Lies, Damned Lies…
Public Citizen’s Global Trade Watch (GTW) has issued its latest trade "study," and as so often before, it takes on the Chamber. However, while everyone’s entitled to their own opinions, no one is entitled to their own statistics.
In one prominent claim, the report asserts that “as of 2009, the United States had a $54 billion trade deficit in goods, excluding oil, with the bloc of 17 U.S. FTA partners.”
That’s not so -- but don’t take our word for it. A recent U.S. Department of Commerce Export Fact Sheet states, “With exports exceeding imports, the U.S. has a trade surplus in manufactured goods with its FTA partners. In just the first two months of 2010, the trade surplus in manufactured goods with our trade partners totaled $3.0 billion.”
America’s trade surplus in manufactured goods with its FTA partners emerged several years ago and continues today, as the Commerce Department has pointed out repeatedly.

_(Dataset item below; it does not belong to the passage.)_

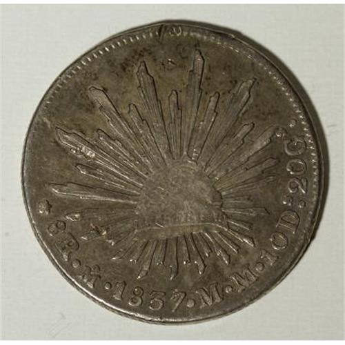 <B>Republic Cap and Rays 8 Reales 1837 Mo-MM,</B></I> KM377.10, VF-XF details with rim bumps and cuts on both sides. Very scarce. <BR><BR><b>Shipping:</b> Coins & Currency (<a target="_blank" href="http://www.heritageauctions.com/common/shipping.php">view shipping information</a>)

The NAM’s Frank Vargo, who for years oversaw the research division at the U.S. Department of Commerce, explains what’s going on: "GTW makes a severe miscalculation in their trade deficit calculation by subtracting re-exports from the export side of the trade balance and neglecting to subtract them from the import side. This miscalculation drastically overstates the U.S. manufactured goods trade deficit by $114 billion in 2009. According to the Census Bureau’s Foreign Trade Division and the International Trade Administration’s trade analysis office this method used by GTW is not a legitimate way to calculate the trade deficit."
GTW further asserts that “between 1998 and 2008, U.S. goods exports to FTA partner countries grew by an annual average rate of only 3.0 percent.”
However, a July 2009 GAO report entitled “Four Free Trade Agreements GAO Reviewed Have Resulted in Commercial Benefits, but Challenges on Labor and Environment Remain” found that U.S. exports to Jordan, Morocco, Chile, and Singapore rose by 167%, 190%, 365%, and 72%, respectively, from the year prior to FTA implementation through 2008. (They were implemented in 2001, 2005, 2003, and 2003, respectively.)
A U.S. Department of Commerce report entitled “Top U.S. Export Markets: Free Trade Agreement and Country Fact Sheets 2009” finds that U.S. exports have grown rapidly after implementation of an FTA. For instance, U.S. exports to Australia grew by 59% from 2004-2008, and U.S. exports to Central America and the Dominican Republic grew by 50% between 2005 and 2008. It also confirms the GAO numbers.
Again, don’t take our word for it. These are official statistics.
I could go on, but the point is clear. Public Citizen is again engaging in lies, damned lies, and invented statistics.